Переходя к словесности русской, критик прежде дает характеристику славянского племени, а затем говорит о России. Речь его клонится к тому, что у нас, до той самой эпохи, когда Петром Великим внесены были элементы европейской цивилизации, не могло быть даже и тени литературы в том смысле, как, по мнению критика, должно понимать это слово (т. е. как выражение народного самопознания в слове). Памятники нашей древней словесности не представляют с своей внутренней стороны особенного интереса ни для исторического, ни для критического изучения; единственная форма, в которой они могут быть рассматриваемы, это – расположение их в хронологическом порядке. Такой строгий приговор объясняется скудостью разработки литературных наших памятников в то время, когда книга Греча была единственным руководством для изучения нашей словесности.
Наконец, критик приступает к труду Максимовича и относится к нему скептически и строго. Он не допускает рассматривания древней нашей словесности в её постепенном развитии и взаимной связи, и в связи со всею жизнию народа, особенно с его просвещением, после того, как единственной формой расположения словесных памятников признал порядок хронологический. Он осуждает деление на периоды, ибо, по его убеждению, в древней русской словесности никакого движения не было, кроме движения в языке. Кроме того, периоды характеризуются Максимовичем не степенями развития словесности, как бы следовало, а внешними, не относящимися к ней фактами и обстоятельствами. Наконец, нет единства в делении: в первых трех периодах основанием служат, как сказано, события, совершенно посторонние словесности, а в четвертом, начинает она понемногу обозначаться своими собственными явлениями.
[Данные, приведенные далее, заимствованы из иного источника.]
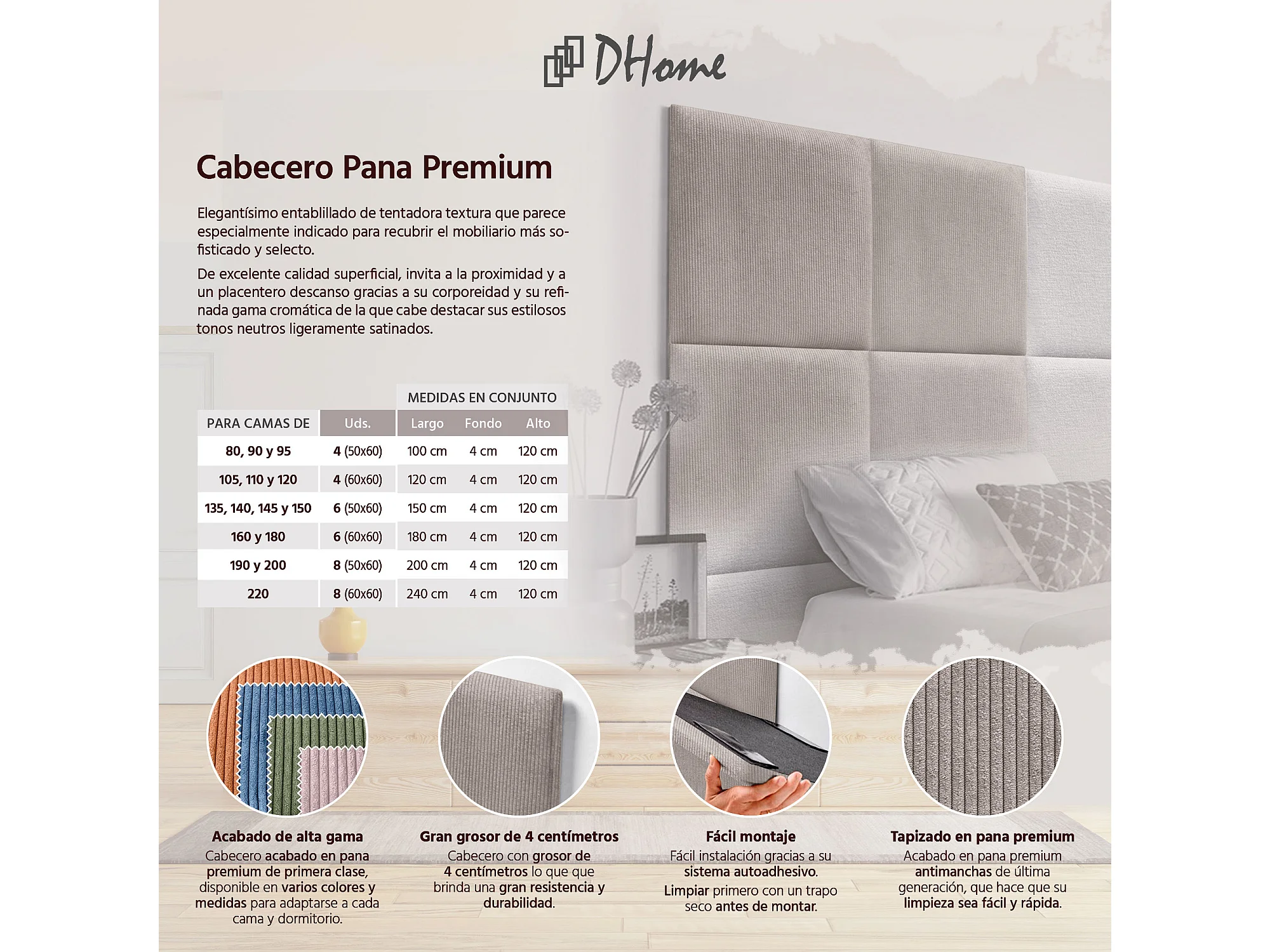 DHOME Premium Corduroy gestoffeerd hoofdeinde samengesteld uit verwisselbare zelfklevende panelen Luxe slaapkamer opgevuld (bruin,95cm)

Оригинален взгляд критика на «Слово о полку Игореве», объясняемый не скептической школой истории, основанной Каченовским, а малой тогда разработкой наших древних памятников словесности. Катков не принимал его за действительный и достоверный памятник: «Трудно придумать», – говорит он, – «кто мог написать такую нелепицу без всякой цели, без всякой arrière pensèe». Он не утверждал, впрочем, что «Слово» – с умыслом составленная подделка: он думал только, что мы не имеем его в истинном виде, ибо «единственный экземпляр, в котором оно дошло до нас, представляет первоначальное слово не только в искаженном виде, но и совершенно переделанным, так что от первоначального осталось несколько следов, только отдельные клочки, которые отличаются от всего прочего не столько особенным изяществом, сколько тем, что в них отзывается время близкое к описываемому событию».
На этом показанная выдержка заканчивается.